Realizing value from generative AI relies on a solid business use case. LCH has a broad base of customers raising queries to their client services (CS) team across a diverse and complex range of asset classes and products. Example queries include: “What is the eligible collateral at LCH?” and “Can members clear NIBOR IRS at LCH?” This requires CS team members to refer to detailed service and policy documentation sources to provide accurate advice to their members.

Historically, the CS team has relied on producing product FAQs for LCH members to refer to and, where required, an in-house knowledge center for CS team members to refer to when answering complex customer queries. To improve the customer experience and boost employee productivity, the CS team set out to investigate whether generative AI could help answer questions from individual members, thus reducing the number of customer queries. The goal was to increase the speed and accuracy of information retrieval within the CS workflows when responding to the queries that inevitably come through from customers.

Project workflow

The CS use case was developed through close collaboration between LCH and Amazon Web Service (AWS) and involved the following steps:

  1. Ideation: The LCH team carried out a series of cross-functional workshops to examine different large language model (LLM) approaches including prompt engineering, RAG, and custom model fine tuning and pre-training. They considered different technologies such as Amazon SageMaker and Amazon SageMaker Jumpstart and evaluated trade-offs between development effort and model customization. Amazon Q Business was selected because of its built-in enterprise search web crawler capability and ease of deployment without the need for LLM deployment. Another attractive feature was the ability to clearly provide source attribution and citations. This enhanced the reliability of the responses, allowing users to verify facts and explore topics in greater depth (important aspects to increase their overall trust in the responses received).
  2. Knowledge base creation: The CS team built data sources connectors for the LCH website, FAQs, customer relationship management (CRM) software, and internal knowledge repositories and included the Amazon Q Business built-in index and retriever in the build.
  3. Integration and testing: The application was secured using a third-party identity provider (IdP) as the IdP for identity and access management to manage users with their enterprise IdP and used AWS Identity and Access Management (IAM) to authenticate users when they signed in to Amazon Q Business. Testing was carried out to verify factual accuracy of responses, evaluating the performance and quality of the AI-generated answers, which demonstrated that the system had achieved a high level of factual accuracy. Wider improvements in business performance were demonstrated including enhancements in response time, where responses were delivered within a few seconds. Tests were undertaken with both unstructured and structured data within the documents.
  4. Phased rollout: The CS AI assistant was rolled out in a phased approach to provide thorough, high-quality answers. In the future, there are plans to integrate their Amazon Q Business application with existing email and CRM interfaces, and to expand its use to additional use cases and functions within LSEG. 

Solution overview

In this solution overview, we’ll explore the LCH-built Amazon Q Business application.

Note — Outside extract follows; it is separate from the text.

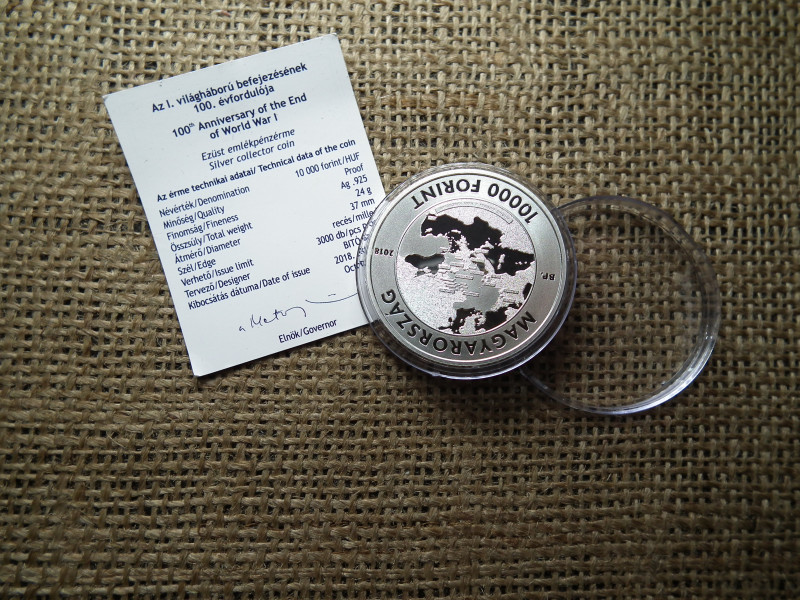 I.VILÁGHÁBORÚ BEFEJEZÉSÉNEK EMLÉKÉRE / EZÜST 10000 FORINT 2018 PP + certi , D

The LCH admin team developed a web-based interface that serves as a gateway for their internal client services team to interact with the Amazon Q Business API and other AWS services (Amazon Elastic Compute Cloud (Amazon ECS), Amazon API Gateway, AWS Lambda, Amazon DynamoDB, Amazon Simple Storage Service (Amazon S3), and Amazon Bedrock) and secured it using SAML 2.0 IAM federation—maintaining secure access to the chat interface—to retrieve answers from a pre-indexed knowledge base and to validate the responses using Anthropic’s Claude v2 LLM.

The following figure illustrates the architecture for the LCH client services application.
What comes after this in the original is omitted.